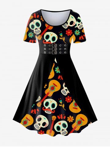 Graphic Dresses > Plus Size Floral Skull Guitar 3D Print Vintage Dress
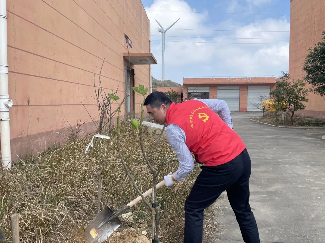 線下,能源公司的黨工團志愿者們帶上樹苗、扛起鋤頭,奔赴平陽西灣及蒼南霞關兩個風電場,在暖陽下,挖坑、栽樹、壓土、澆水...... 各個環(huán)節(jié)銜接有序,配合默契,認真地完成每一道工序,一棵棵新苗就穩(wěn)穩(wěn)地在土里扎下了根,為風電場的春天又增添了一抹新綠。
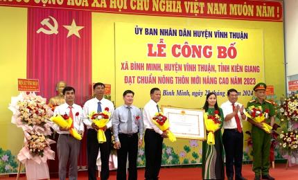Xã Bình Minh xã đầu tiên của huyện Vĩnh Thuận đạt Nông thôn mới nâng cao
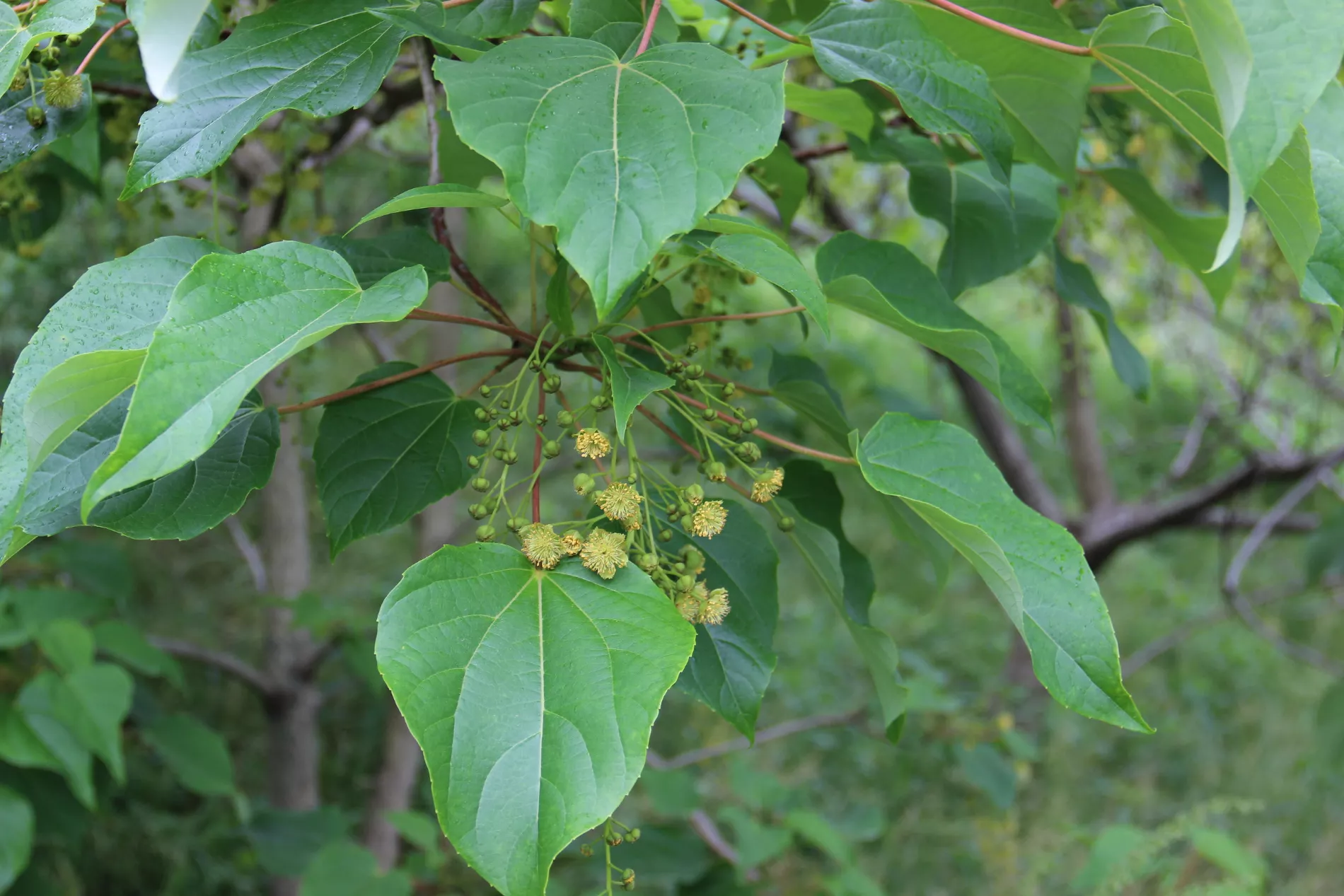 В заповеднике цветет сейчас также идезия многоплодная, известная как «ландышевое» дерево. Такое название она получила из-за сходства запаха цветков с нежным ароматом весеннего цветка.
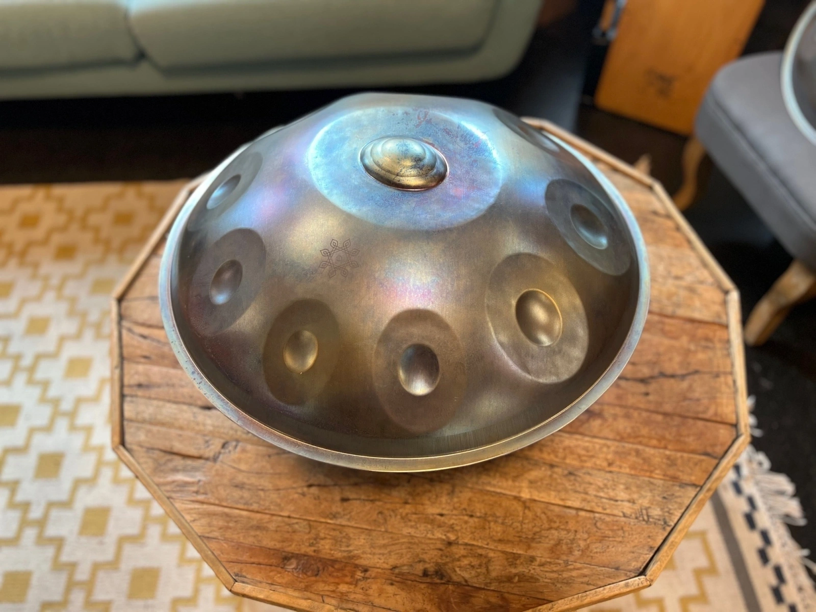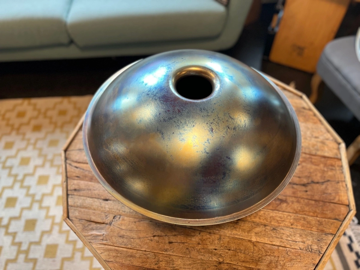 Gefertigt aus Ember Steel, überzeugt die ShaktiPan durch eine warme, lange tragende Schwingung und einen besonders weichen, sensiblen Anschlag. Dieses hochwertige Edelstahlmaterial ist rostfrei, pflegeleicht und aussergewöhnlich stimmstabil. Gleichzeitig reagiert die Oberfläche fein auf sanfte Berührungen und macht die ShaktiPan ideal für ruhiges, ausdrucksstarkes Spiel. Jede ShaktiPan wird in sorgfältiger Handarbeit geformt und gestimmt. So entsteht ein echtes Unikat mit eigenem Charakter und Seele.
********************
* TASK ITEM
Only the pictures are left behind; write out everything else in the records exactly.

* OUTPUT FOR THIS EXERCISE
 Graphic Dresses > Plus Size Floral Skull Guitar 3D Print Vintage Dress
 線下,能源公司的黨工團志愿者們帶上樹苗、扛起鋤頭,奔赴平陽西灣及蒼南霞關兩個風電場,在暖陽下,挖坑、栽樹、壓土、澆水...... 各個環(huán)節(jié)銜接有序,配合默契,認真地完成每一道工序,一棵棵新苗就穩(wěn)穩(wěn)地在土里扎下了根,為風電場的春天又增添了一抹新綠。
Xã Bình Minh xã đầu tiên của huyện Vĩnh Thuận đạt Nông thôn mới nâng cao
 В заповеднике цветет сейчас также идезия многоплодная, известная как «ландышевое» дерево. Такое название она получила из-за сходства запаха цветков с нежным ароматом весеннего цветка.
 Gefertigt aus Ember Steel, überzeugt die ShaktiPan durch eine warme, lange tragende Schwingung und einen besonders weichen, sensiblen Anschlag. Dieses hochwertige Edelstahlmaterial ist rostfrei, pflegeleicht und aussergewöhnlich stimmstabil. Gleichzeitig reagiert die Oberfläche fein auf sanfte Berührungen und macht die ShaktiPan ideal für ruhiges, ausdrucksstarkes Spiel. Jede ShaktiPan wird in sorgfältiger Handarbeit geformt und gestimmt. So entsteht ein echtes Unikat mit eigenem Charakter und Seele.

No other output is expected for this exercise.